Records provided:
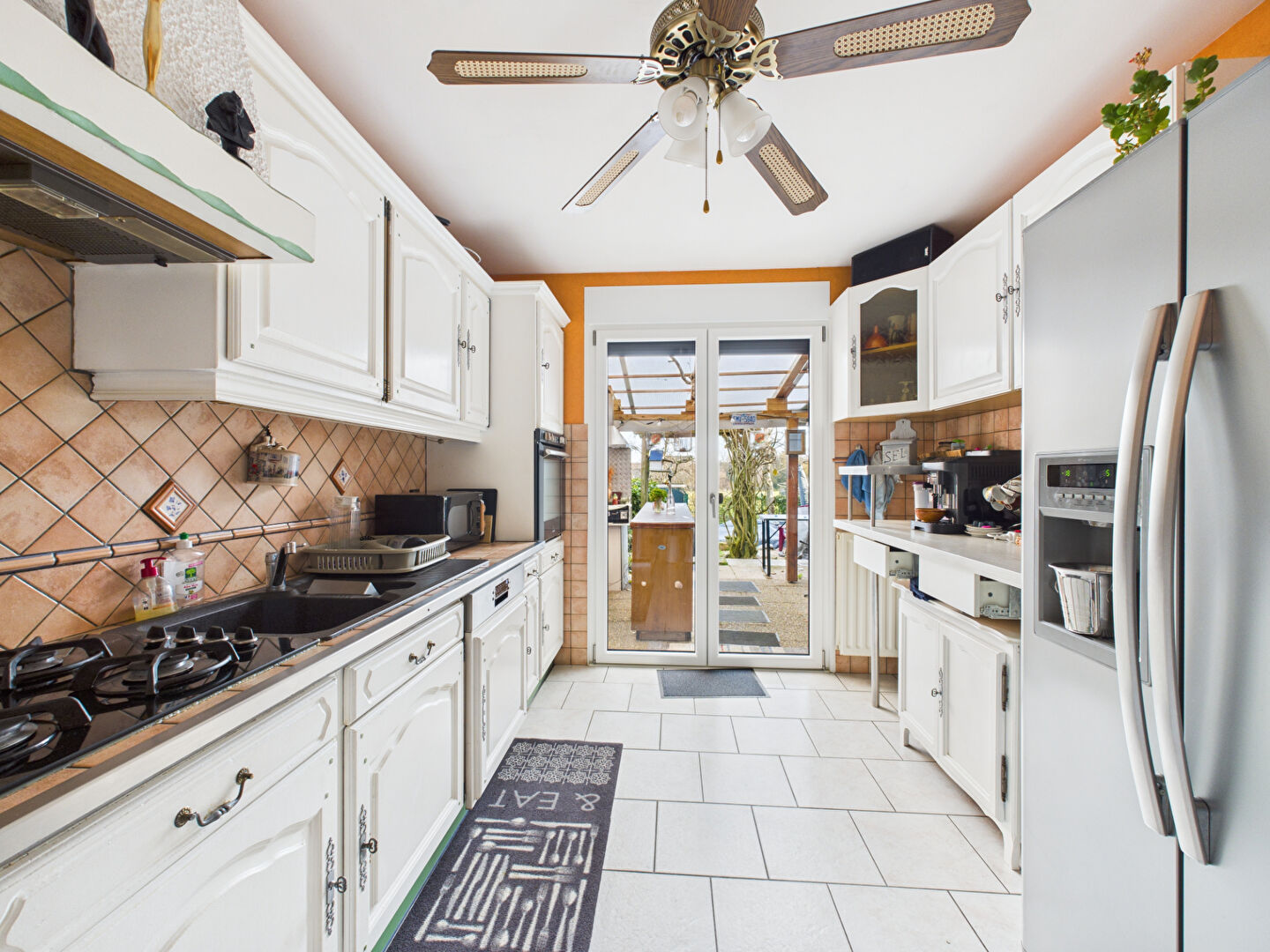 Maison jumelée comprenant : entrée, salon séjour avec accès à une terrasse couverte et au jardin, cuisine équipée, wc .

---

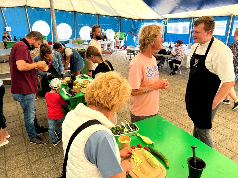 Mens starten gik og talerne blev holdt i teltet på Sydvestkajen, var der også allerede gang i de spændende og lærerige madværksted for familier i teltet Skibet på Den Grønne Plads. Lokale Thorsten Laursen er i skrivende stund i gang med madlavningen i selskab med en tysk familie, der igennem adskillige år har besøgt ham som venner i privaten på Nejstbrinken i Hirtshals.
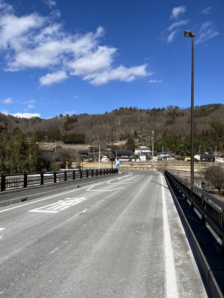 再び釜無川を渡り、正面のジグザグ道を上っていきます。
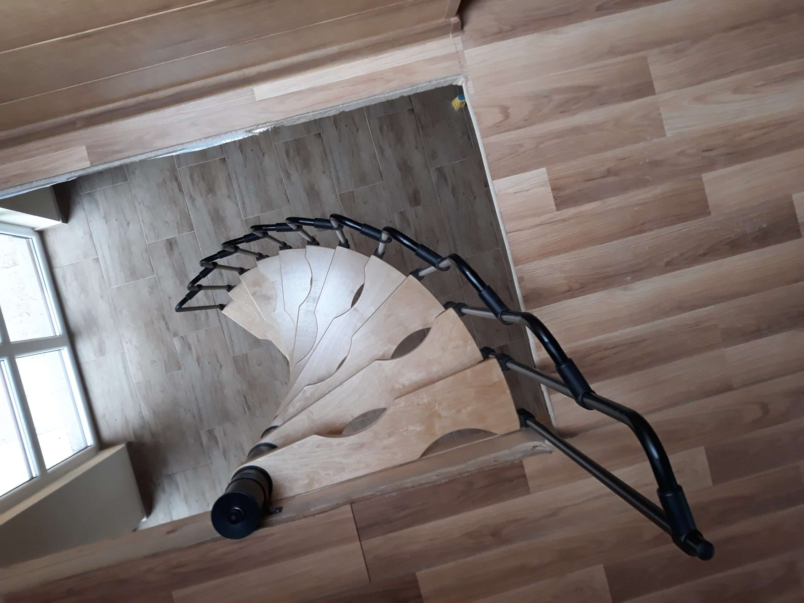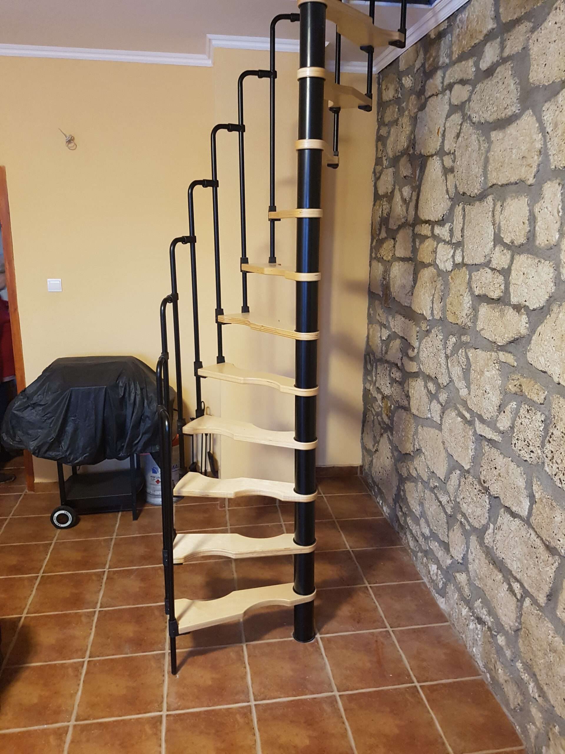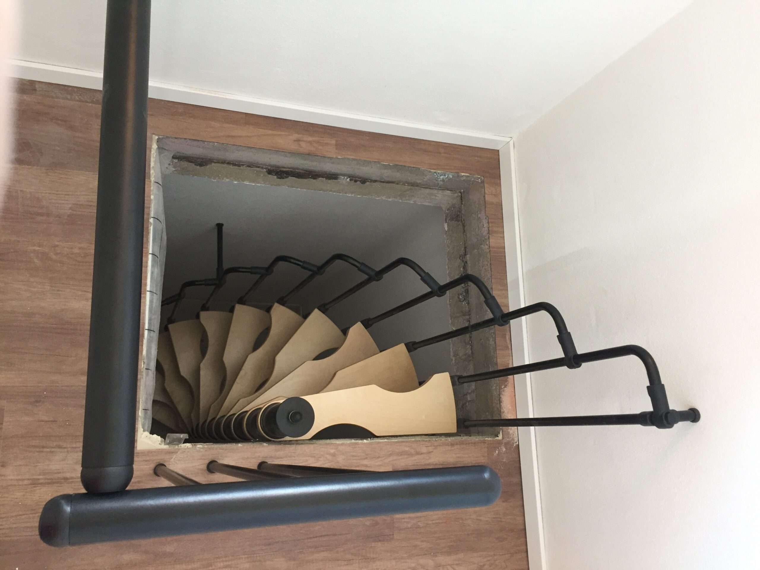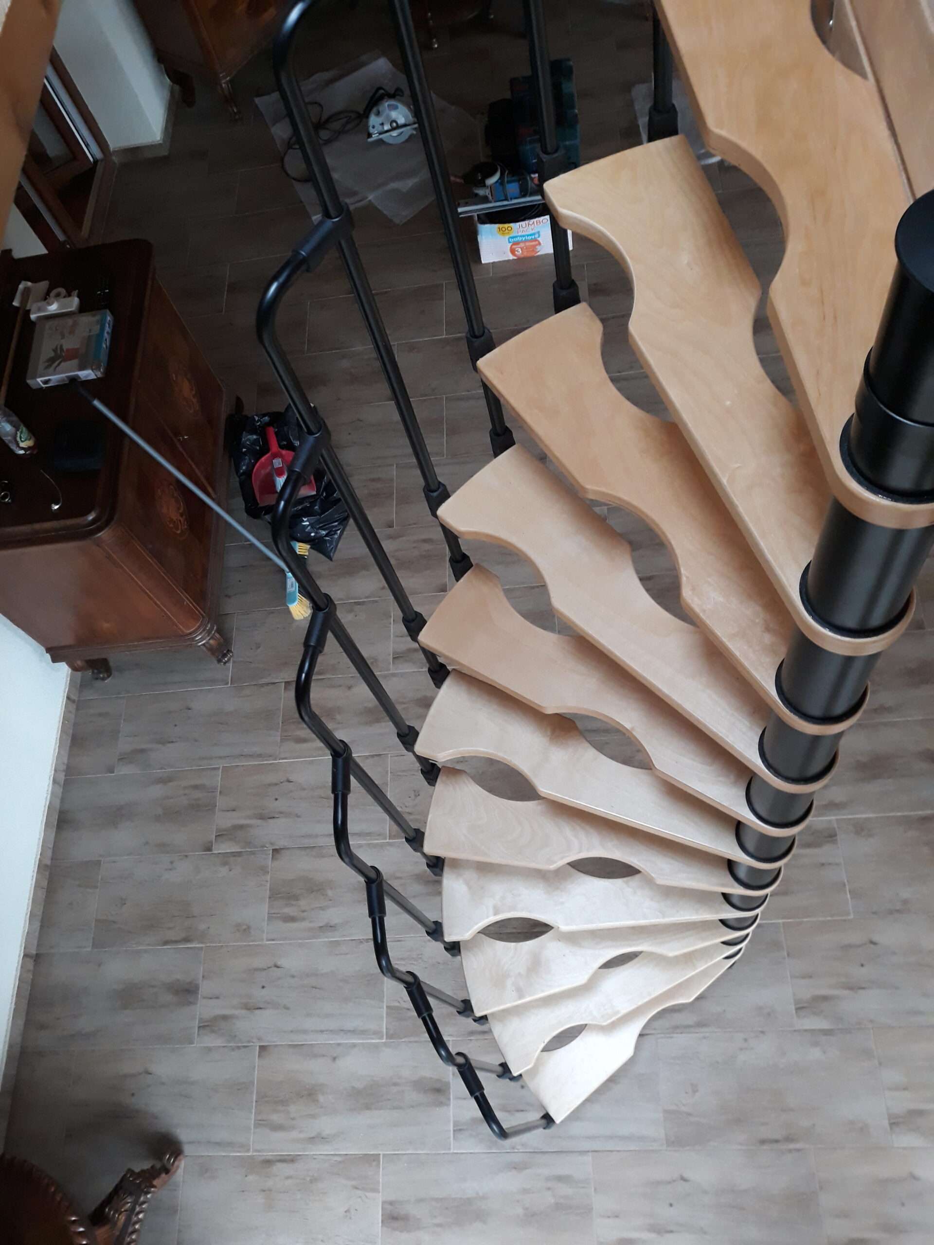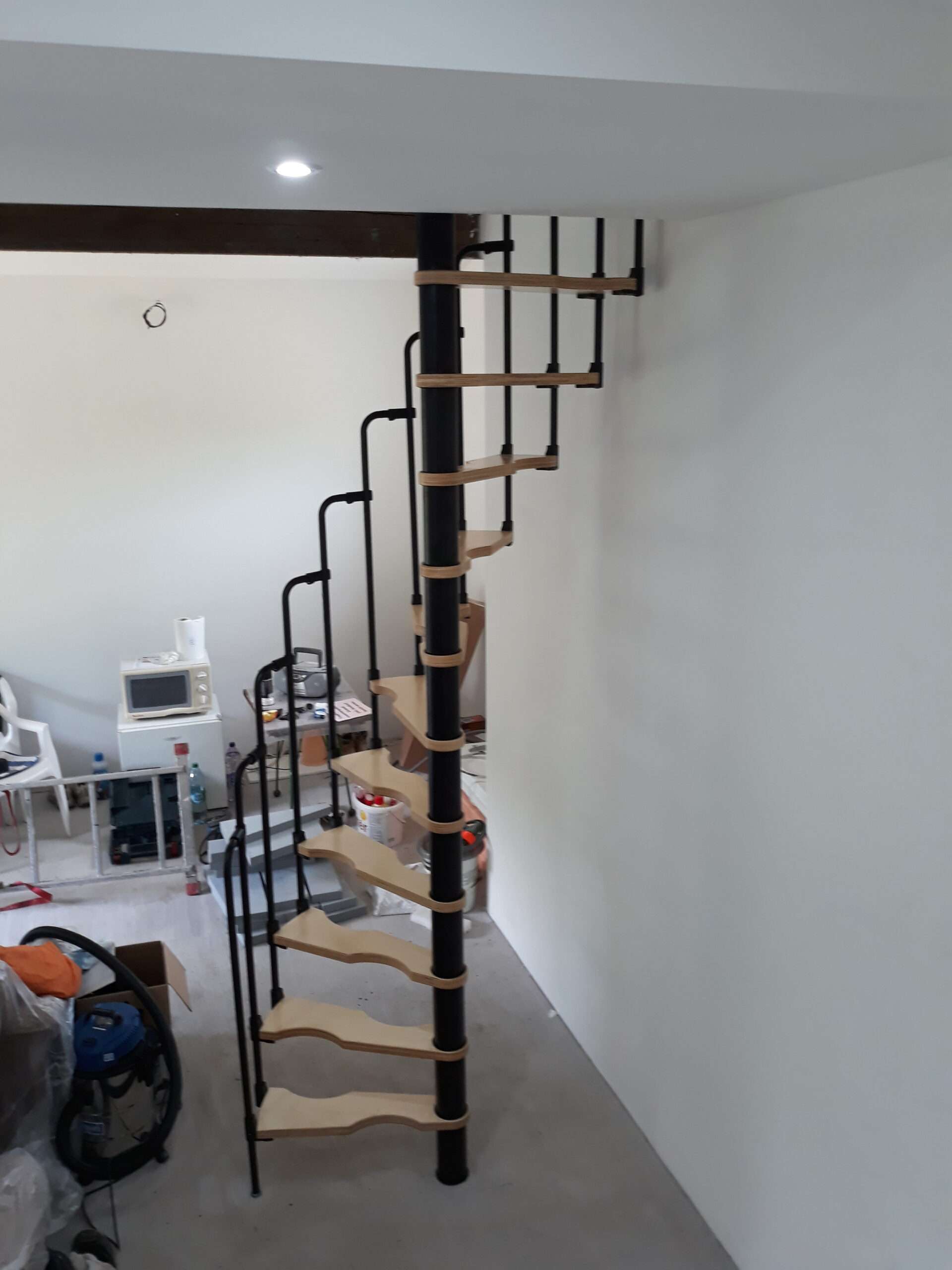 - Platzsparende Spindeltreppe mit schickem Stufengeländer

* * *

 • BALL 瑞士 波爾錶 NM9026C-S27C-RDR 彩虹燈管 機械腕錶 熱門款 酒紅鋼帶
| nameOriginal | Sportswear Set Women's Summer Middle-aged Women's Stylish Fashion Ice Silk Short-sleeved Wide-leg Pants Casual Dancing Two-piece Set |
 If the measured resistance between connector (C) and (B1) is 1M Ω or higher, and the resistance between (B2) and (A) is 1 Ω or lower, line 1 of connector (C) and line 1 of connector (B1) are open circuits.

Exercise instructions: In the listing above, find the line with "再び釜無川を渡り、正面のジグザグ道を上っていきます。" and the line with "- Platzsparende Spindeltreppe". Set down both and every line between them, minus the pictures.

Output for this exercise:
 再び釜無川を渡り、正面のジグザグ道を上っていきます。
 - Platzsparende Spindeltreppe mit schickem Stufengeländer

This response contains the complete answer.